About that siren: his name is Hale and a black actor, K.C. Collins, plays him. As with Rick Howland, his race is not mentioned. In fact, he and his family are considered Fae royalty, but it’s because of their lineage, not their skin color.
The visuals of Lost Girl distinguish it from other genre fare, as well. Each character has a specific look, not just in their physicality, but also in his or her clothing, which is frequently impeccably tailored, yes, even Kenzi’s punk urchin look. The lighting is high-quality, too, replacing the clichéd blue glow of horror with warm, golden tones. From a production design standpoint, although some sets (like The Ash’s office) look a bit stilted, others (like Bo’s house, the Dal Riata, and many of the settings used in flashbacks) are exceptionally suited to the atmosphere of the show.
Lost Girl isn’t perfect. At times the constant revelations of various characters and events in Fae history feels a little “monster of the week,” but considering that Bo is new to this world (being raised by humans until age 18), it does make narrative sense. Sometimes the events taking place stretch the limits of credulity, particularly when the limitations of the special effects budget are a little more obvious than is probably desired. This doesn’t reflect on the ability of the cast and crew to give 110 percent, though; it’s obvious that everyone involved with the show isn’t just there for a paycheck.

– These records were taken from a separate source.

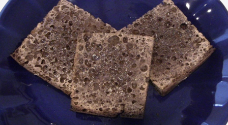 Pumpernickel Flatbread, toasted and slathered with olive oil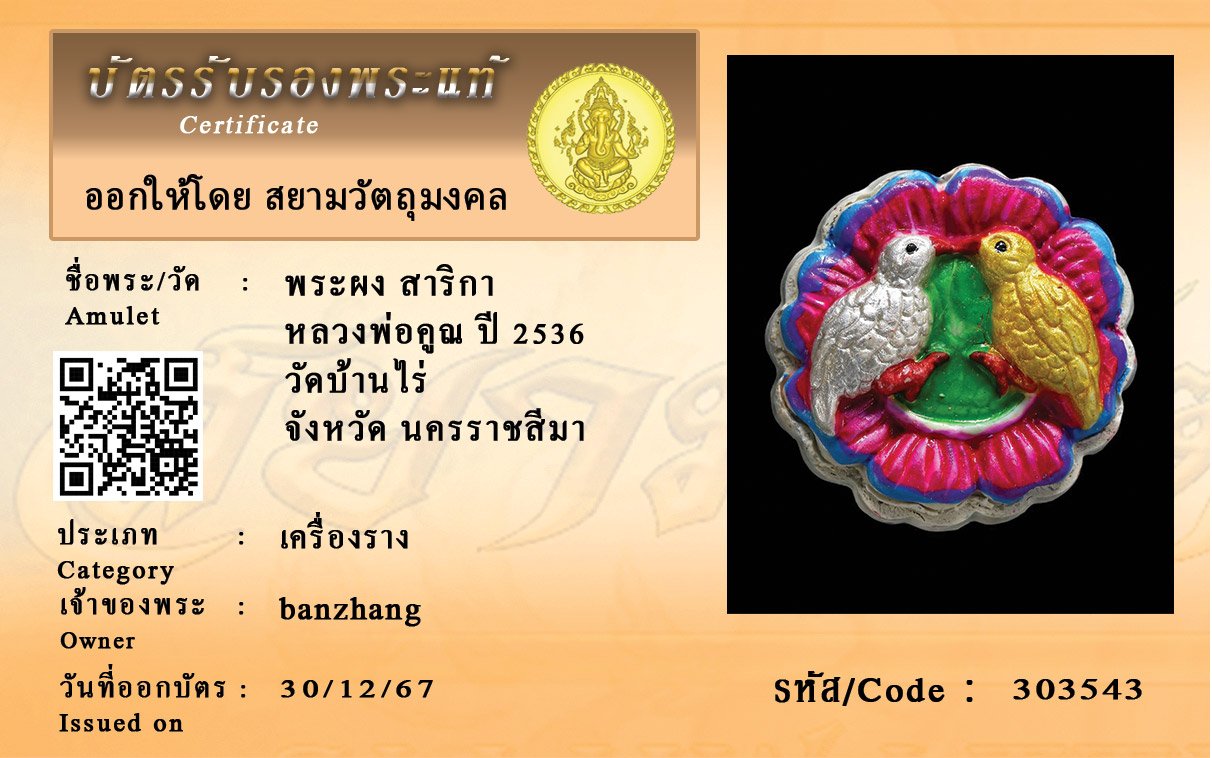 รหัสสินค้า : 303543 พระผง สาริกา หลวงพ่อคูณ ปี 2536 วัดบ้านไร่ จังหวัด นครราชสีมา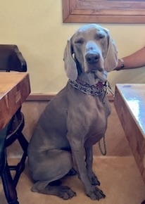 ワイマナラーのグランツ君が今年も来てくれました。この犬種はドイツ原産だそうです。とても美しい被毛です。あんまり綺麗だったので触るのが憚れるほどでした。ドイツ語でグランツ(glanz)とは輝きのこと。まさに輝くようなグランツ君でした。とても表情が豊かで、初めは警戒の色が眼に見えましたが、程なく慣れ、優しい表情を見せてくれました。パパが大好きで片時もそばを離れません。本当は写真がキライなのにちゃんと撮らせてくれました。外ズラがいいということは賢い証拠。状況がちゃんとわかっているということですから。人間でもそれができない人がいるよね。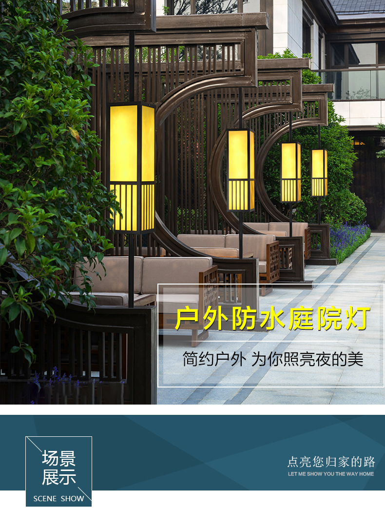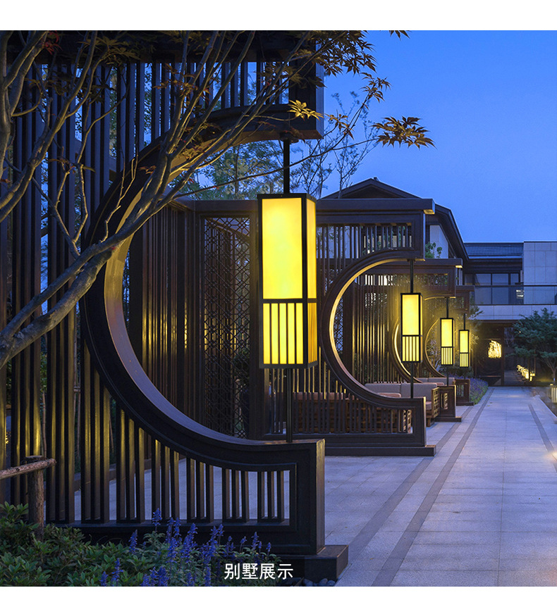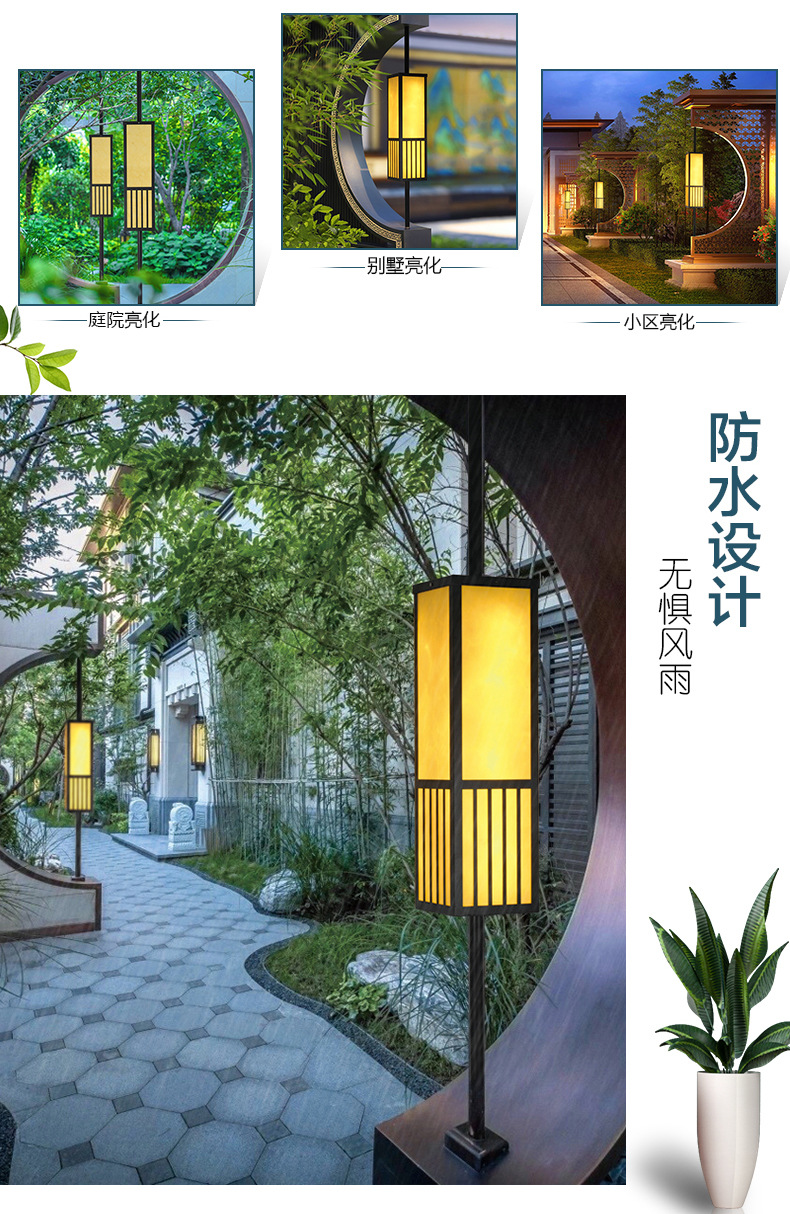 定制新中式太陽能柱頭燈中字庭院燈戶外防水花園別墅圍墻燈

Lost Girl is a terrific, character-driven show that just happens to take place in a supernatural world. If you’ve not watched it yet, or shied away due to the subject matter, you are missing out. More genre shows—hell, more TV shows, period—should be this forward-thinking.
Lost Girl Season Two was released on Blu-Ray on November 13 through Berkshire Access Media in Canada and Funimation in the US. The set includes all 22 episodes, plus cast interviews, “making of” featurettes, and a blooper reel.
Season Three premiered January 6 on Showcase in Canada and will premiere January 14 on SyFy in the US.